Restate the data below word for word, and let no image into your version.

▶ **EXERCISE DATA**
============

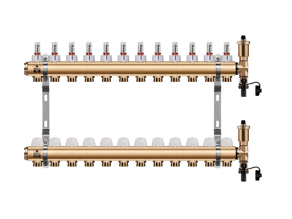 Podlahový rozdeľovač WIGELL, 12 okruhov, mosadzný + odvzdušňovanie na kľúč
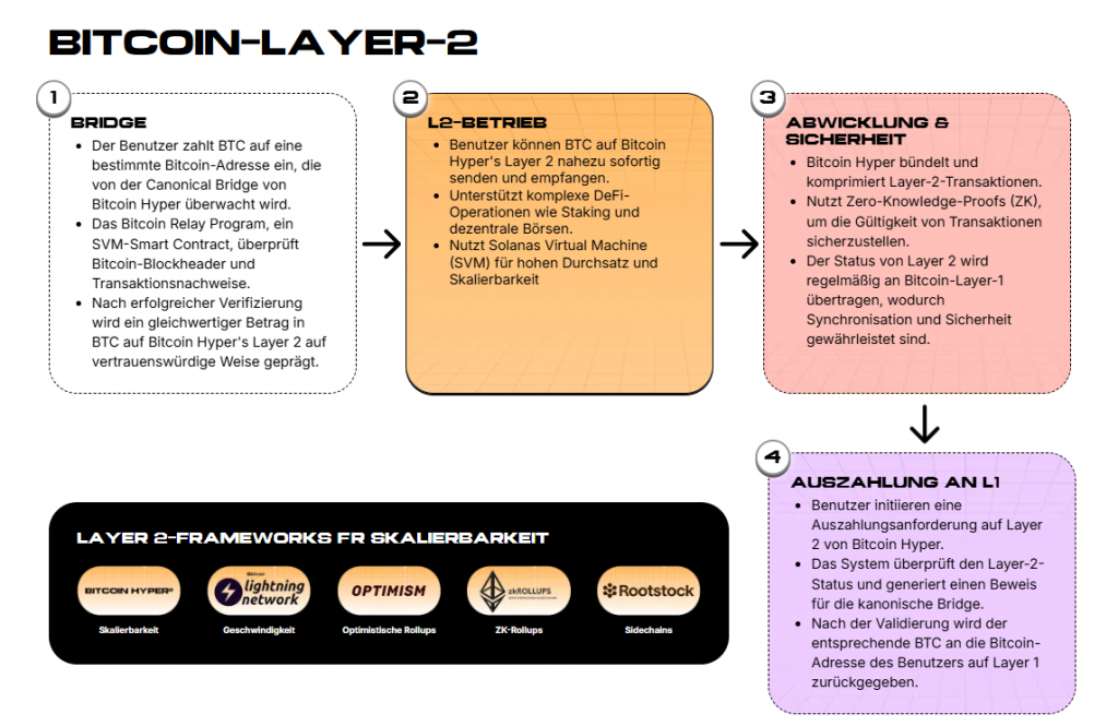 Genau an diesem Punkt setzt Bitcoin Hyper an. Das Projekt erweitert Bitcoin um eine Layer-2-Struktur auf Basis der Solana Virtual Machine. Transaktionen laufen dabei nicht direkt auf der Hauptchain, sondern in einer schnellen Ausführungsschicht mit sehr geringen Gebühren. Bitcoin selbst bleibt die Abwicklungsebene für den finalen Ausgleich.
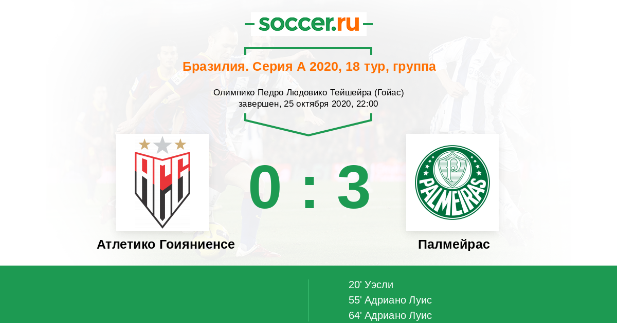 64' (0:3) Адриано Луис (10) (Габриэль Менино (25))

============

▶ **ANSWER SECTION**
 Podlahový rozdeľovač WIGELL, 12 okruhov, mosadzný + odvzdušňovanie na kľúč
 Genau an diesem Punkt setzt Bitcoin Hyper an. Das Projekt erweitert Bitcoin um eine Layer-2-Struktur auf Basis der Solana Virtual Machine. Transaktionen laufen dabei nicht direkt auf der Hauptchain, sondern in einer schnellen Ausführungsschicht mit sehr geringen Gebühren. Bitcoin selbst bleibt die Abwicklungsebene für den finalen Ausgleich.
 64' (0:3) Адриано Луис (10) (Габриэль Менино (25))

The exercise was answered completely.